I was at the grocery store last night, in line at the self-checkout behind a rather elderly gent who did not understand the system at all. He was being helped through the process by a solicitous young clerk, who showed him the card-reader, the little device for the signature, where the receipt came out, and so on. The scene depressed me a bit; the poor old guy had met technology that had defeated him.* He'd lived through a world war, driven increasingly complex cars, used telephones, seen the rise of radio and television, ATMs, computers -- and lived through it all conditioned into the happy confidence that no new thing would faze him. Yet here he was in his golden years, unable to do the most rudimentary task, buying groceries, without assistance.

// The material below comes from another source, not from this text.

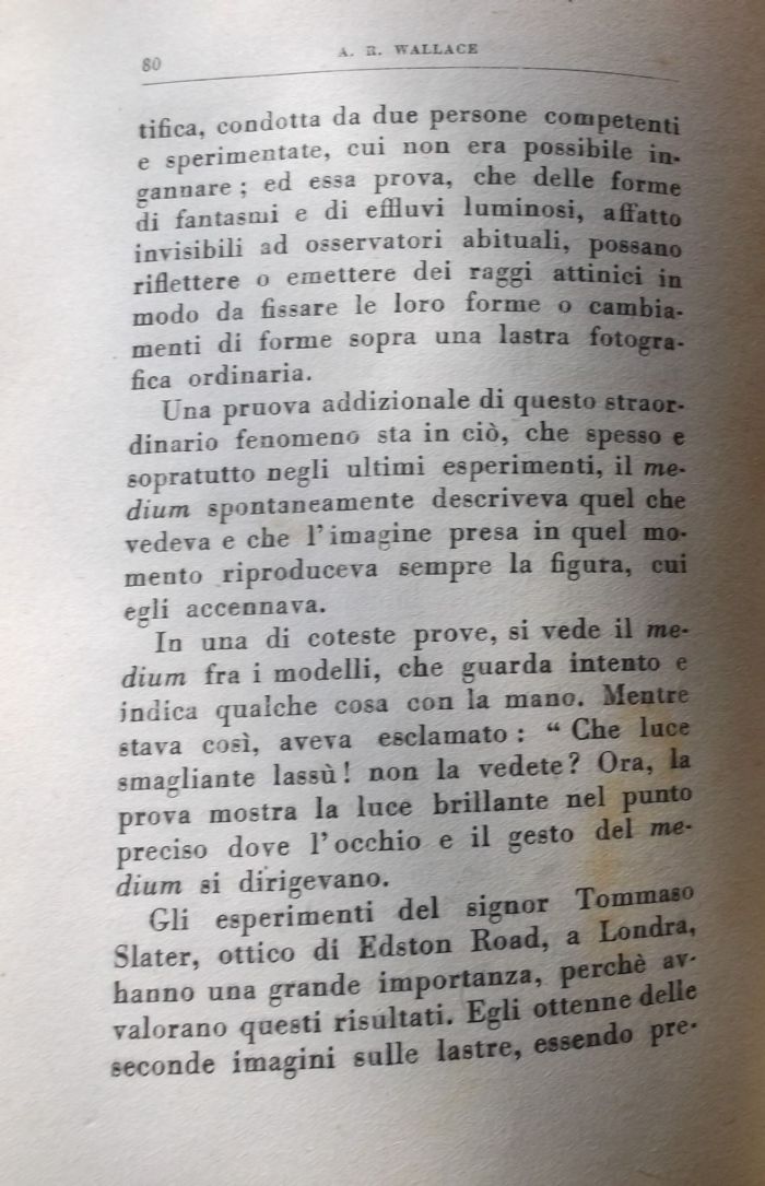 Una pruova addizionale di questo straordinario fenomeno sta in ciò, che spesso e sopratutto negli ultimi esperimenti, il medium spontaneamente descriveva quel che vedeva e che l'imagine presa in quel momento riproduceva sempre la figura, cai egli accennava.

I'm convinced that with the ever-quickening spirals of development of new technology, this phenomenon of finally being defeated by some new system will happen to us at younger and younger ages. It may not defeat us at the user-interface level -- I see more and more standardization of interactivity in Web design, and innovations that add value without adding confusion -- but I think more and more of us will be confronted at younger and younger ages by some innovation sufficiently baffling that we simply fail to understand why the new thing even exists at all.
I believe I've reached that point.
Can someone please, please, please explain to a rapidly aging old fart:
What the fuck is the point of Twitter?
*The system seems designed to be as confusing as possible, even to young folks -- and no two stores' layout is the same. Awful, awful design, but that's a post for another day.